| The input |
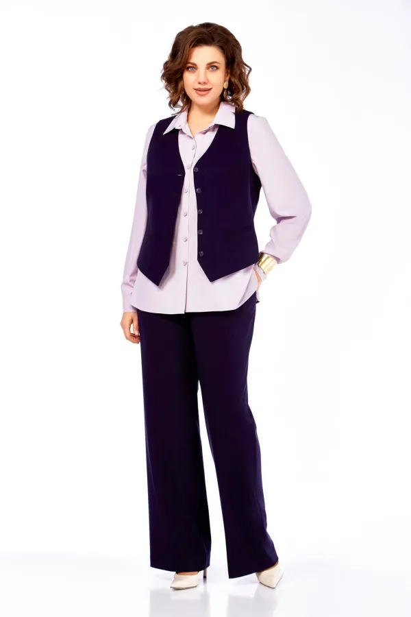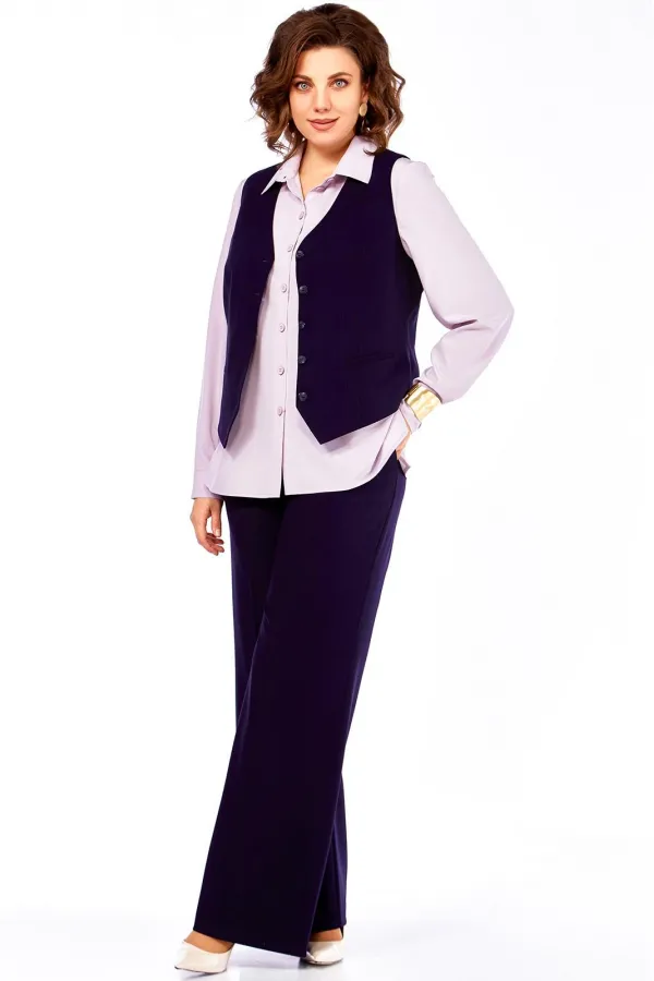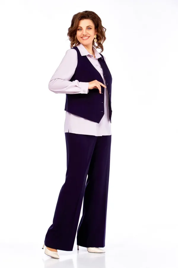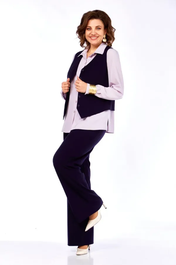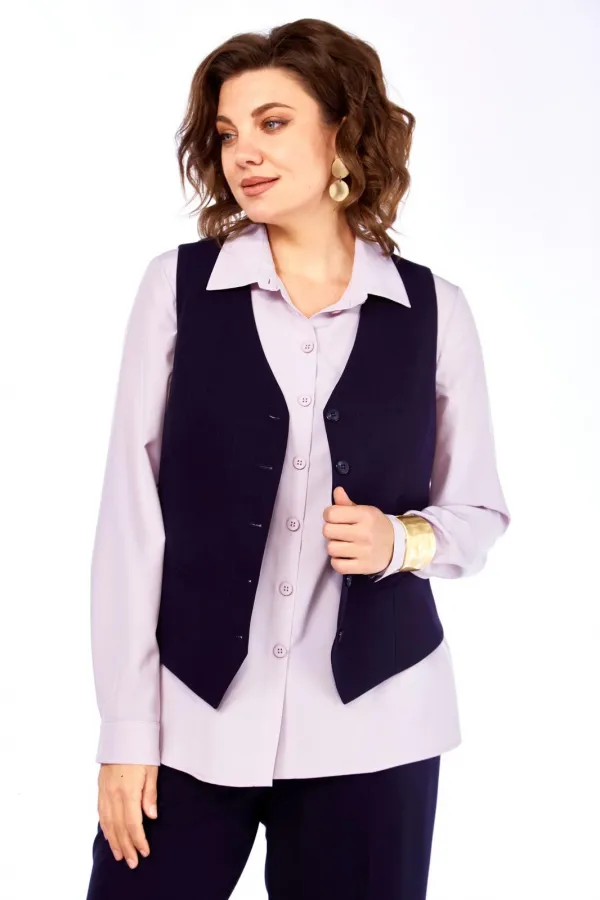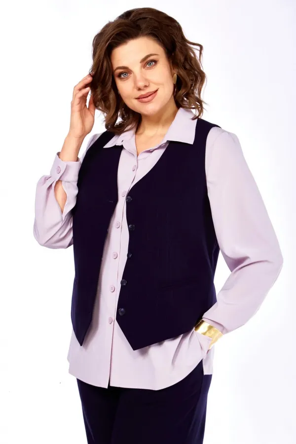Комплект женский, состоит из блузки, жилета и брюк. Полуприлегающий силуэт, жилет с V-образной формой горловины, на переде рельефы от проймы, имитация карманов с клапаном, по спинке хлястик с пуговицей. Блузка с рубашечн... Читать далее...
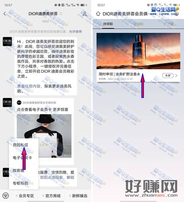 微信关注【迪奥美妍荟】公众号-菜单栏【会员专区】-我的私信-点击限时申领
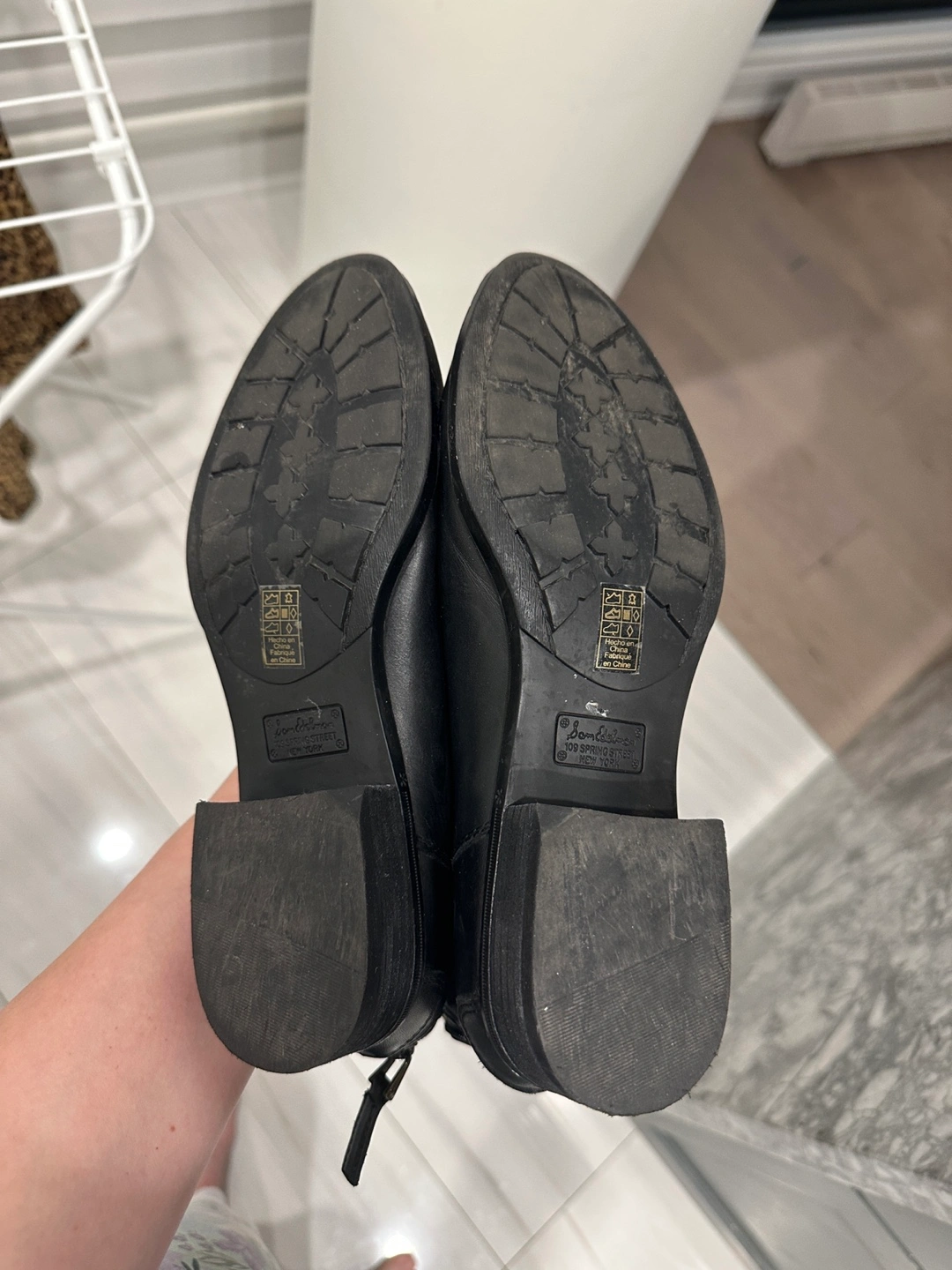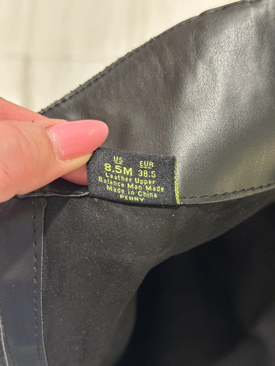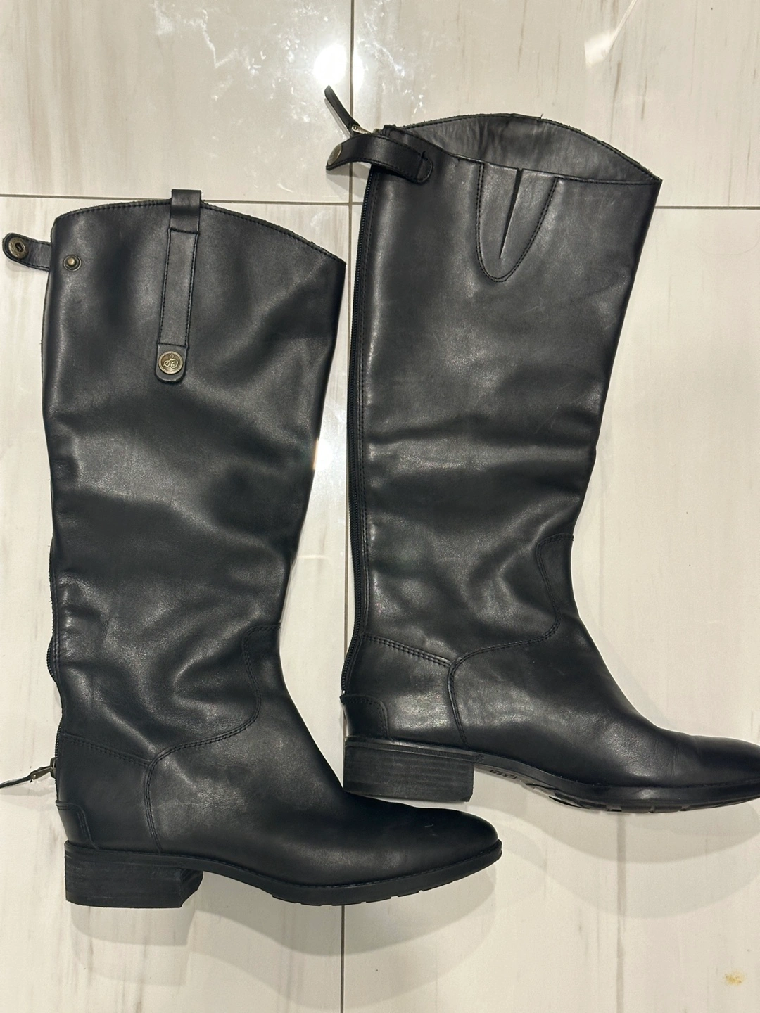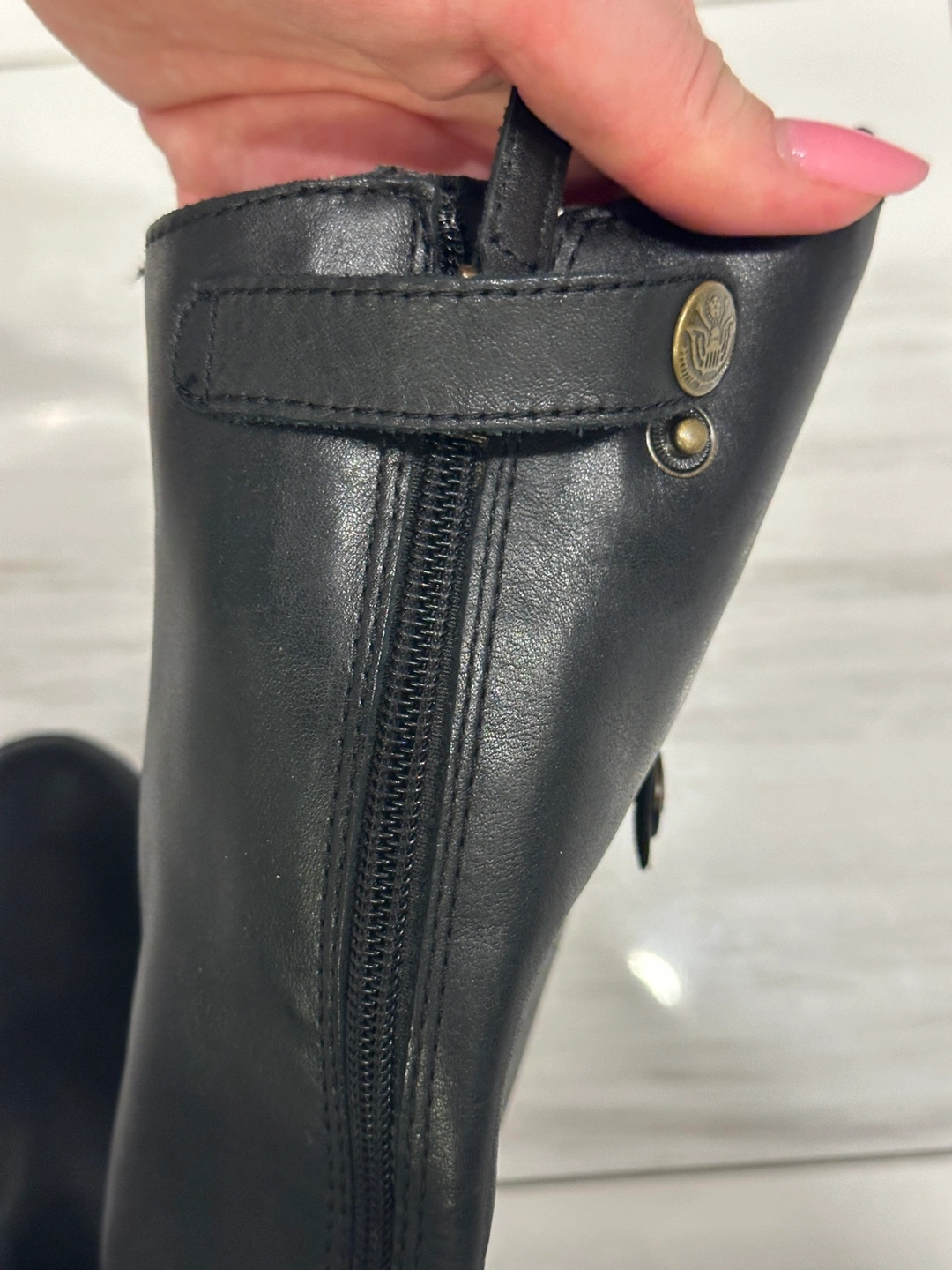 Women's black leather riding boots. Side zip closure. Like new condition. Size 8.5M. I literally wore them once to a restaurant, and travelled by car. It’s a bit small for me so I’ve never worn them again.
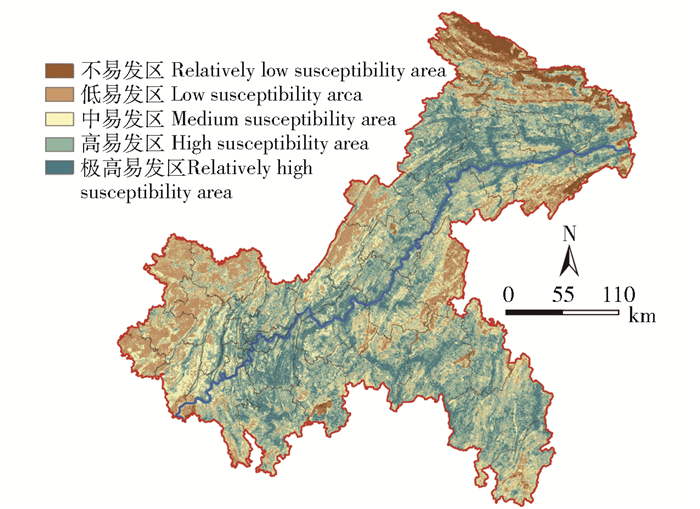 图 7 重庆市滑坡灾害易发性分区 Fig. 7 Landslide susceptibility mapping of Chongqing city |
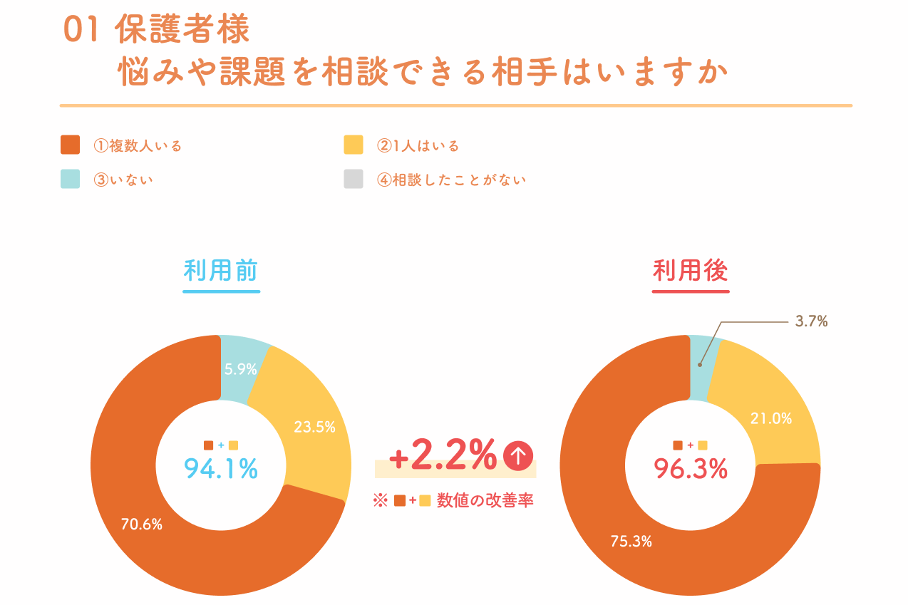 保護者の方が落ち着くことで、お子さんへの対応も穏やかになり、ご家庭全体の安心につながります。

| What is expected |
Please print the data above once more, exactly as it appears, with no pictures.

| Task solution |
Комплект женский, состоит из блузки, жилета и брюк. Полуприлегающий силуэт, жилет с V-образной формой горловины, на переде рельефы от проймы, имитация карманов с клапаном, по спинке хлястик с пуговицей. Блузка с рубашечн... Читать далее...
 微信关注【迪奥美妍荟】公众号-菜单栏【会员专区】-我的私信-点击限时申领
 Women's black leather riding boots. Side zip closure. Like new condition. Size 8.5M. I literally wore them once to a restaurant, and travelled by car. It’s a bit small for me so I’ve never worn them again.
 图 7 重庆市滑坡灾害易发性分区 Fig. 7 Landslide susceptibility mapping of Chongqing city |
 保護者の方が落ち着くことで、お子さんへの対応も穏やかになり、ご家庭全体の安心につながります。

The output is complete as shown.